Difficult Airway Management
Critical Care / Resuscitation, Respiratory
Resuscitative airway management in the emergency department (ED) is inherently difficult by definition, and the practitioner should always be prepared for a difficult airway especially given the relatively poor test characteristics regarding difficult airway predictive tools.
- Preparation for a difficult airway should include:
- Careful consideration of pharmacology in relation to RSI and consideration of awake intubation if there are no contraindications including an uncooperative patient or altered level of consciousness.
- An extraglottic device should be ready for use.
- A bougie should be open and directly accessible.
- An alternative intubation device (video or direct laryngoscopy) should be prepared;
- A call for assistance should be made;
- Optimization of oxygenation should be performed using Bag Mask Ventilation (BMV) or positive pressure device and high flow nasal prongs.
- The neck should be palpated and marked in preparation and prediction of possible surgical airway intervention and
- All associated tools (primary, supraglottic, surgical) should be ready and open.
- Once encountered a firm plan and interventions with the resuscitation team engaged (however large or small) must be performed. See below algorithm “The Encountered Difficult Airway”.
- Optimization of BMV starts with patient positioning (if not contraindicated), confirmation of oxygenation source and use of high flow nasal prongs conjointly (for at least 3 minutes if time allows).
- BMV is best performed using oral airway, nasal trumpets, two-person technique, obviation of oral/pharyngeal foreign body and jaw thrust in conjunction with early use of a supraglottic device.
- Second and third attempts at laryngoscopy must include optimization and augmentation/change in technique including use of bougie, external laryngeal manipulation, use of Direct Laryngoscopy or Video Laryngoscopy and intubation by the most experienced airway practitioner.
- If cricoid pressure had been used in the context of a rapid sequence intubation (RSI) then it should be discontinued.
Difficult Airway Algorithm
Quality Of Evidence?
We are highly confident that the true effect lies close to that of the estimate of the effect.
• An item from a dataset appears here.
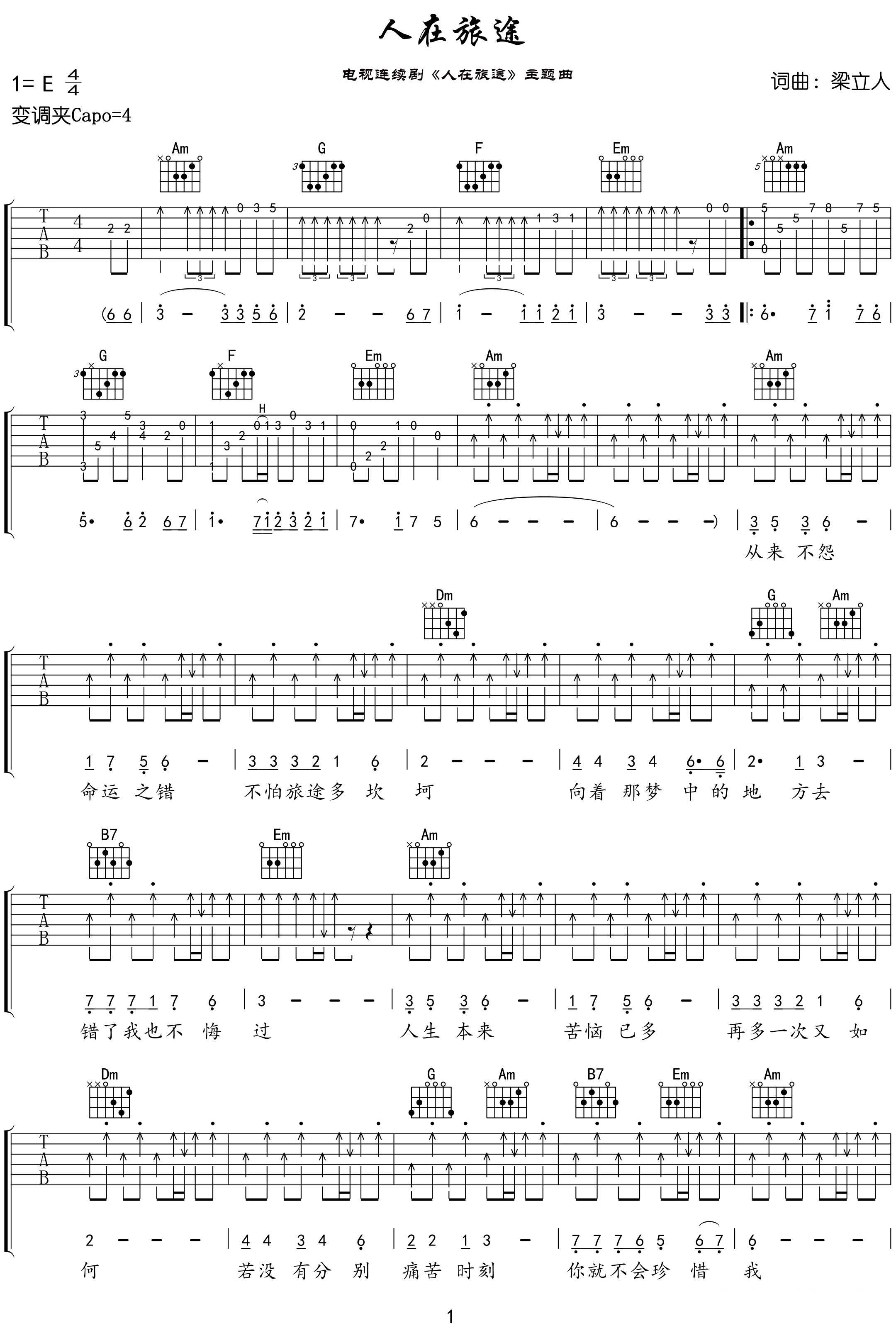 曲谱介绍: 人在旅途吉他谱,翁素英演唱同名电视剧主题曲,由梁立人作词作曲 《人在旅途》吉他弹唱谱,选用C调指法编配,原调E调,CAPO夹4品弹唱原调,含前奏,原版编配,难度:5级适中,扫弦部分涉及到切音技巧,也是新手不好掌握的技巧。

There is a wide range of studies included in the analyses with no major limitations, there is little variation between studies, and the summary estimate has a narrow confidence interval.
We consider that the true effect is likely to be close to the estimate of the effect, but there is a possibility that it is substantially different. There are only a few studies and some have limitations but not major flaws, there are some variations between studies, or the confidence interval of the summary estimate is wide.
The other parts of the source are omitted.